Create JSON file of metadata for setting acl rules. 

To start, we simply specify ACLs for a single file.

https://cloud.google.com/generative-ai-app-builder/docs/data-source-access-control#acl-storage-unstructured

In [8]:
# TODO - fix format and filename to be correct
metadata_filename = "metadata.jsonl"

metadata = [
    {
   "id": "",
   "jsonData": "",
   "content": {
     "mimeType": "<application/pdf>",
     "uri": "gs://generative-aisearch-alphabet-investor-pdfs/20040630_google_10Q.pdf"
   },
   "acl_info": {
     "readers": [
       {
         "principals": [
           { "user_id": "bruce@justinjm.altostrat.com"}
         ]
       }
     ]
   }
    },
     {
   "id": "",
   "jsonData": "",
   "content": {
     "mimeType": "<application/pdf>",
     "uri": "gs://generative-aisearch-alphabet-investor-pdfs/20040930_google_10Q.pdf"
   },
   "acl_info": {
     "readers": [
       {
         "principals": [
           { "user_id": "admin@justinjm.altostrat.com"},
         ]
       }
     ]
   }
 }
    
    
]
   
# Write to a .jsonl file
with open(metadata_filename,  'w') as file:
    for item in metadata:
        json_string = json.dumps(item)
        file.write(json_string + '\n')

In [9]:

# TODO - add ACL for all files 
## get list of files from GCS 
## pick 5 files to be "secret"
## add bruce to all except "secret"
## save file
## upload file
## create new datastore and search App

#### upload metadata file just created

In [10]:
! gsutil -m cp $metadata_filename $BUCKET_URI/$metadata_filename

Copying file://metadata.jsonl [Content-Type=application/octet-stream]...
/ [1/1 files][  490.0 B/  490.0 B] 100% Done                                    
Operation completed over 1 objects/490.0 B.                                      

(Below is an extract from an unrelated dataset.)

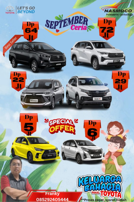 Saya FRANKY HERMANTO Sales Senior dan BEST SALES di Toyota Nasmoco Purwokerto. Siap Melayani Pembelian Mobil Toyota terbaru all type, seperti :

## Create Vertex AI Search Datastore

TODO - API:When creating data store, include the flag "aclEnabled": "true" in your JSON payload. https://cloud.google.com/generative-ai-app-builder/docs/data-source-access-control#acl-storage-unstructured

* https://cloud.google.com/generative-ai-app-builder/docs/create-data-store-es#cloud-storage
* https://cloud.google.com/generative-ai-app-builder/docs/reference/rest/v1/projects.locations.collections.dataStores/create
* https://github.com/GoogleCloudPlatform/generative-ai/blob/main/search/create_datastore_and_search.ipynb


In [19]:
def create_data_store(
    project_id: str, location: str, data_store_name: str, data_store_id: str
):
    # Create a client
    client_options = (
        ClientOptions(api_endpoint=f"{location}-discoveryengine.googleapis.com")
        if location != "global"
        else None
    )
    client = discoveryengine.DataStoreServiceClient(client_options=client_options)

    # Initialize request argument(s)
    data_store = discoveryengine.DataStore(
        display_name=data_store_name,
        industry_vertical="GENERIC",
        content_config="CONTENT_REQUIRED"
    )

    request = discoveryengine.CreateDataStoreRequest(
        parent=discoveryengine.DataStoreServiceClient.collection_path(
            project_id, location, "default_collection"
        ),
        data_store=data_store,
        data_store_id=data_store_id,
    )
    operation = client.create_data_store(request=request)

    # Make the request
    # The try block is necessary to prevent execution from haulting due to an error being thrown when the datastore takes a while to instantiate
    try:
        response = operation.result(timeout=90)
    except:
        print("long-running operation")

In [20]:
# The datastore name can only contain lowercase letters, numbers, and hyphens
# DATASTORE_NAME = EXPERIMENT
DATASTORE_NAME = "test-data-store"
DATASTORE_ID = f"{DATASTORE_NAME}-id"

create_data_store(PROJECT_ID, LOCATION, DATASTORE_NAME, DATASTORE_ID)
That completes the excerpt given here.